A Civita Salentina, una piccola città di mare, c’è una palazzina costruita dal conte Aquilino, proprietario fra l’altro di buona parte di terreni che giungono fino al lungomare. L’edificio è frutto di una permuta con Lucianetti, noto costruttore della zona. Questa palazzina, sita in via Filomanni, è davvero un gioiello di estetica e funzionalità, in origine era costituita da tre ampi appartamenti, uno per piano e ciascuno con un grande garage. La palazzina è la realizzazione del desiderio di sua moglie Maria Chiara, che muore lasciando solo e angosciato il conte fra le diciotto stanze della sua villa, nido d’amore negli anni del suo matrimonio.
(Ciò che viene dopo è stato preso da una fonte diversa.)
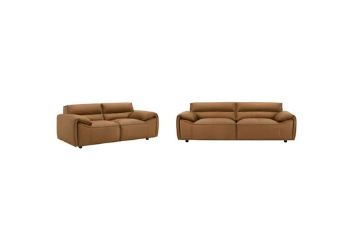 Refined and sculptural, this leather sofa set blends modern minimalism with deep, enveloping comfort. Upholstered in 100% genuine top grain leather, each piece features wide, gently sloped arms and a low-profile frame that grounds the room with effortless presence. Deep seat cushions are filled with high-density full foam and supported by sinuous springs, creating a balanced feel thats both structured and soft. Tailored yet inviting, this two-piece set is crafted to elevate comfort with enduring sophistication.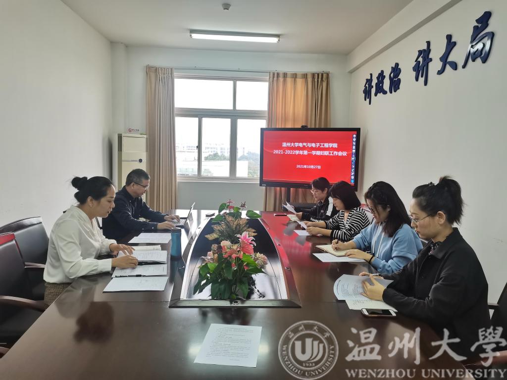 10月27日上午,电气电子学院妇联在1A504会议室召开2021年下半年妇联工作会议,院党委书记李方强、工会主席潘海鸥及学院妇联执委参加会议,会议由妇联主席曾蓓蕾主持。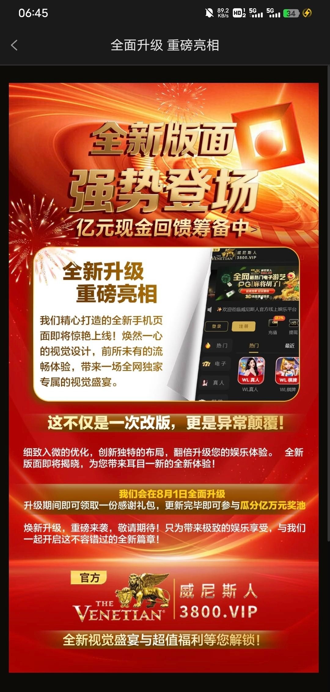 【威尼斯3800】新版本彩金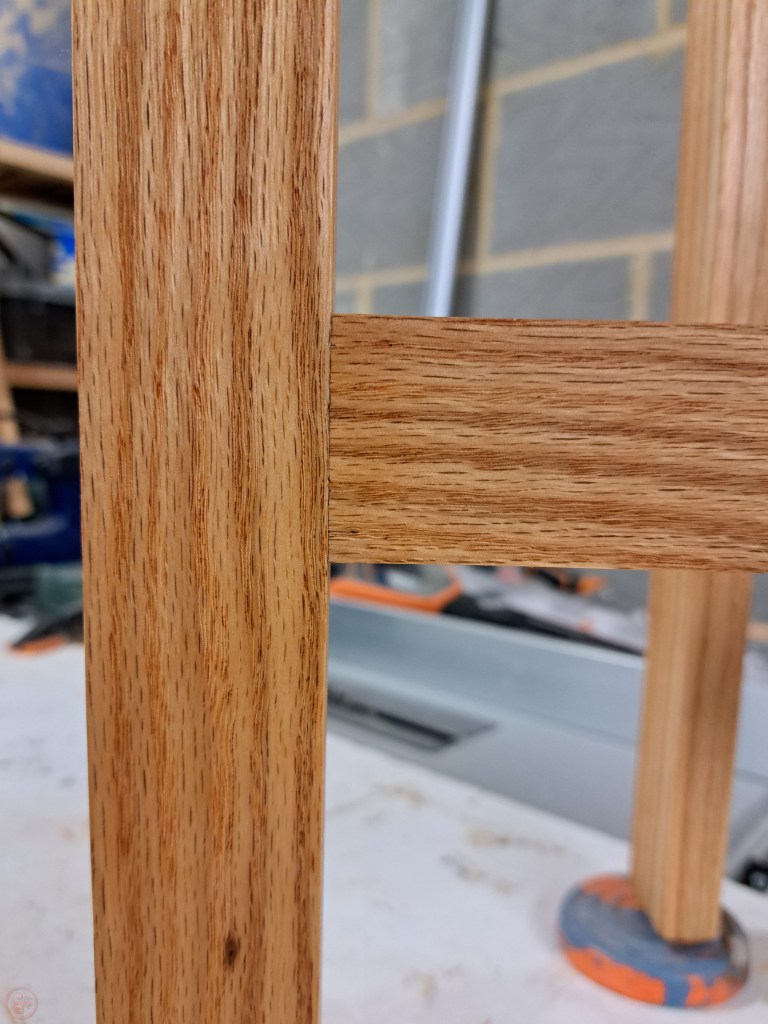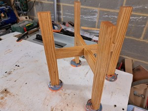 I applied Danish oil as a finish to bring out the grain – I really like how the grain makes tiger-like stripes on the legs! I’m really pleased with how the joints turned out too, as they are very snug and the centre pieces pleasingly sit flush to the legs on all joints.

Dopo la morte della moglie, il conte si trasferisce in uno degli appartamenti della palazzina di via Filomanni. Lì, il conte non è solo. Ci sono Lidia e Walter, Riccardo e Cristiano, Miriamo e Marco, Maria Manteca e suo figlio Paolo Di Matteo. Poi c’è Tom , persona che a causa del suo carattere aggressivo e vendicativo era da tutti mal sopportato e dai più addirittura odiato. Una notte, Tom rincasa da via Collebrincioni, svolta per imboccare via Filomanni, ad un certo punto avverte una fitta che gli fa mancare il respiro. Con la vista ormai appannata, si dirige verso il portone di casa, precisamente verso l’androne, nella speranza che qualcuno lo soccorresse, ma dopo un vomito di sangue, anticipato da un ululato terribile, muore…
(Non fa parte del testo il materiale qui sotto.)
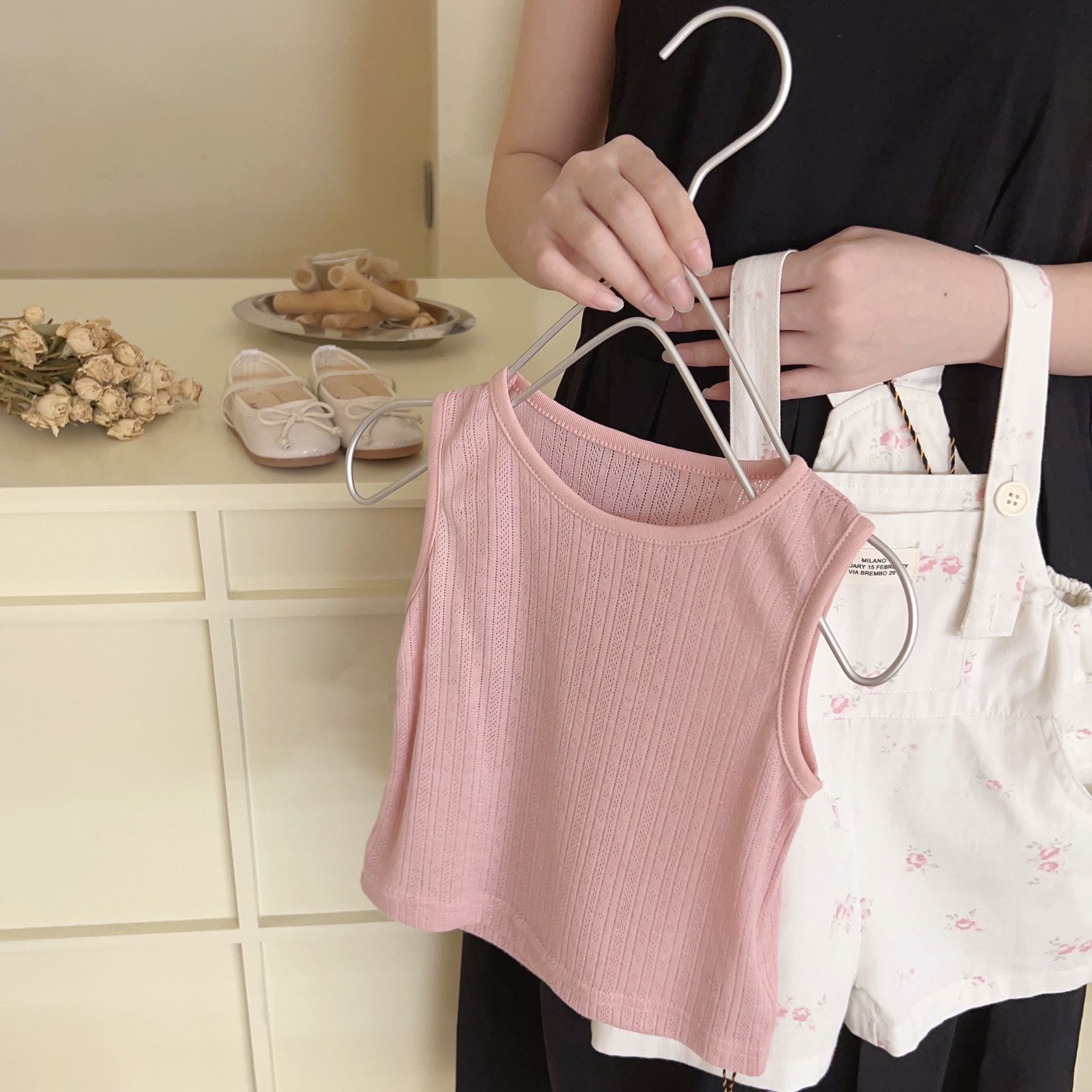 한국 스타일 아동복 소녀 여름 정장 2025 새로운 유행 조끼 꽃 무늬 서스펜더 반바지 투피스 세트스토어 가기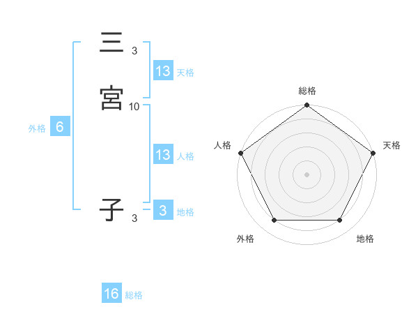 三宮 子さんの総格は16画の5点!

Al suo esordio letterario, Corrado Pace dà prova di aver mirato una vicenda, con relativa ambientazione e relativi personaggi che rivelano scelte precise sul piano letterario. Sotto questo profilo, Silenzio muto è realmente un romanzo che sgorga da un’encomiabile lucidità narrativa, dove tutto è al posto giusto, quindi equilibrato, per cui il risultato finale è quello di un’opera appunto “compiuta”. A ciò si aggiunge la positiva considerazione della capacità dell’autore ‒ sempre supportato da una prosa limpida e mai stucchevole ‒ di ritrarre dinamiche tipiche e riconoscibili della vita quotidiana della provincia italiana: i matrimoni falliti, la dimensione asfittica dell’intellighenzia di provincia, le velleità artistiche di ognuno, i residui rottamati delle lotte sindacali di un tempo. Pace, dunque, tratteggia con un garbo stilistico che si apre a suggestioni giallistiche il microcosmo dove un po’ tutti sono in grado di riconoscersi, ovvero la palazzina o condominio che sia, dimensione alla portata di tutti, osservatorio rassicurante della vita che ci gira intorno, ma anche gabbia nella quale si è intrappolati. Un libro accattivante, che con i dovuti accorgimenti di adattamento potrebbe tranquillamente costituire il punto di partenza per una fiction alternativa al sempiterno (ormai) Un posto al sole.